Alan Wake Slated For May 18, Looks Good

The long-in-development Alan Wake, one of the most enigmatic titles in development for the Xbox 360, will finally be released on May 18, Microsoft announced today. Earlier this week, the game's developers gave Kotaku a live demonstration. It was impressive.

Alan Wake has been in development by Max Payne makers Remedy Entertainment for more than half a decade, showing up at big gaming trade shows, then vanishing. It's been back, making the rounds, since E3 of last year. The game stars the fictional thriller-writer Alan Wake, who goes on a getaway with his wife, Alice, to the Pacific northwest town of Bright Falls. He's suffering writer's block and his marriage is in a bit of trouble. But the game focuses on things getting worse, as Alan becomes a man on the run. On the outskirts of Bright Falls, Alan must try to survive to survive the enveloping darkness and weirdness, armed with just a flashlight and a gun, while a shadowy presence sends possessed men wielding axes at his heels and hurls logging trucks flying toward his face.
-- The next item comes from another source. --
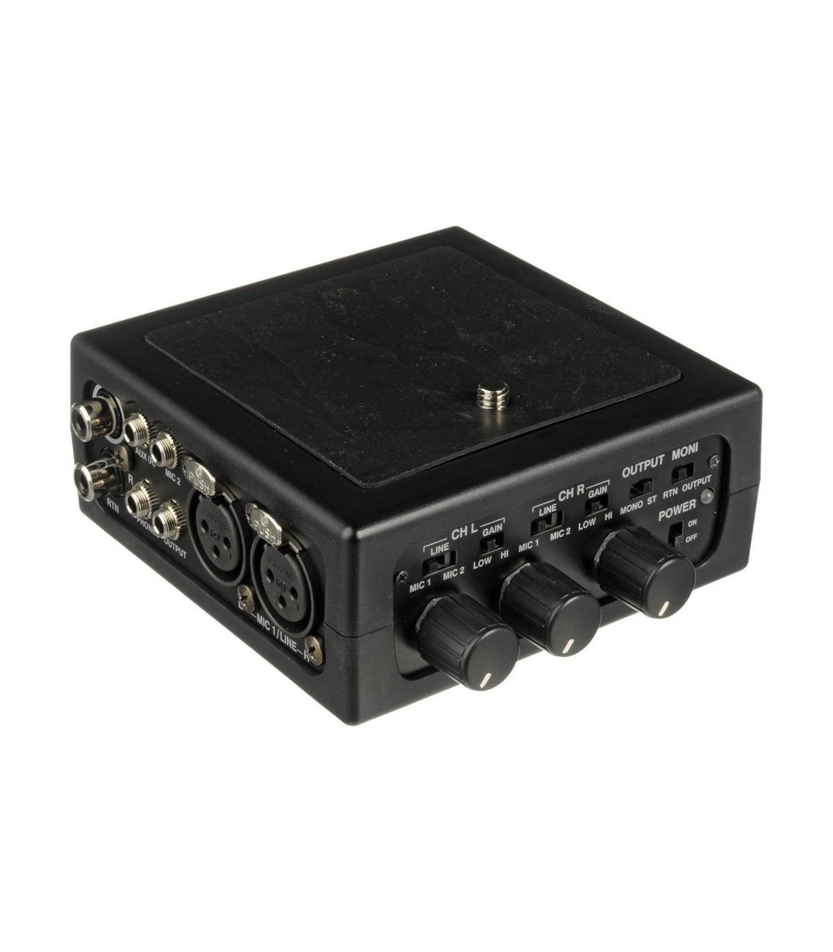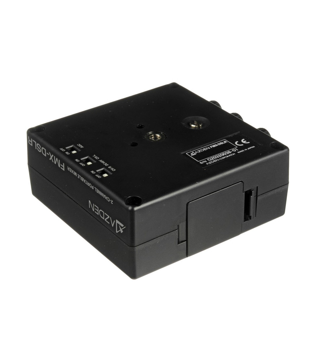FMX-DSLR یک میکسر صدای قابلحمل و جمعوجور از کمپانی Azden است که برای استفاده روی دوربینهای DSLR طراحی شده است. این مدل از ۲ ورودی XLR بهره مند است؛ بدین ترتیب میتوانید میکروفونهای حرفهای را کنار دوربینهای DSLR از طریق خروجی mini به کار ببرید.FMX-DSLR مجهز به کنترل حساسیت خودکار استو در صورت فعال بودن این قابلیت، سیگنال به صورت متداوم به دوربین ارسال میشود. به لطف کنترل حساسیت خودکار، نویز در سیگنالهای صوتی کاهش چشمگیری پیدا میکند. این محصول میتواند مستقیما روی دوربین یا سهپایه نصب شود.Azden FMX-DSLR همانطور که از نامش پیداست، برای کاربرانی که میخواهند میکروفونهای حرفهای را در کنار دوربینهای DSLR به کار ببرند گزینه ایده آلی به نظر میرسد. ورودیهای XLR آن نیز با طیف گستردهای از دستگاههای ضبط صدا مثل میکروفونهای شات گانی، میکروفونهای بیسیم و غیره هماهنگ است. با برخورداری از قابلیت Return، نیز میتوانید به نظارت و پایش صدای نهایی ضبط شده توسط دوربین بپردازید.

The game is a thriller. It's T-rated, Microsoft announced today, and doesn't aspire to be the kind of scary game we've played before. Remedy writer Sam Lake described the game to me as a "smart, tightly-paced story" and as a "thriller." I asked him earlier this week what he meant be smart. "This is more of a thriller than a horror game," he said. "When you talk about horror in video games, it usually means blood and gore." He said the Remedy team wanted something other than cheap chills. "We want to make sure there are no scares just for the sake of scares," he said. Everything, all of the game's creepiness, will cohere into a narrative.

At a hotel in New York earlier this week, three of Remedy's top men showed me about 20 minutes of Alan Wake. We first looked at part of the game's first chapter or, as the studio has been calling it in the model of favorite shows of theirs like Lost, "episode." Alan and Alice were driving into Bright Falls, heading over to a diner where they would meet the man with the keys to the house they'd be staying at. The diner was filled with ambiance and optional diversions. The waitress recognized Alan and squealed to him about how she was his biggest fan and even had the cardboard cut-out commemorating one of his novels to prove it. Sure enough, at the doorway was a cardboard Alan Wake.
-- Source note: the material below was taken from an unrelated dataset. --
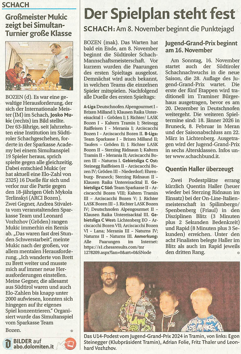 Lia Schach Gherdëina - Schachclub Gröden - Associazione Dilettantistica Scacchi Gardena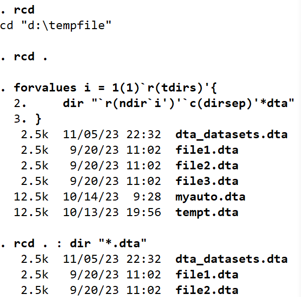 filelist, dir("D:\tempfile") pat("*.dta")list //命令中的dir是指定当前路径

As one of Remedy's developers walked Alan to the back of the diner, our hero encountered two old-timers sitting in a booth, jawing about something or other. One of them asked Alan to play a song on the jukebox. Further to the back, Alan encountered a lady in black, her face covered in a veil. She wasn't the person who was supposed to give Alan the house keys, but she had them. And, she creepily added, she'd come by later to meet his wife. She demanded it.

We skipped ahead to the midst of an episode later in the game. By this time, we were in the action. The sun had set. The darkness had descended and the flashlight-and-gun core shooting gameplay was in effect. Enemies in Alan Wake are covered in a shadowy haze. To defeat them before they kill Alan, the player has to focus Alan's flashlight on the enemy, burning off the haze. Once that's done, Alan can — and should! — shoot. Alan Wake is a single-player game, but at this section of the game, as he tried to survive out on a wooded hillside, he was accompanied by Bright Falls' sheriff and the game's comic relief, Alan's literary agent Barry Wheeler. Since light could ward off the enemies, Barry had wrapped himself in Christmas lights. He looked ridiculous. in a good way.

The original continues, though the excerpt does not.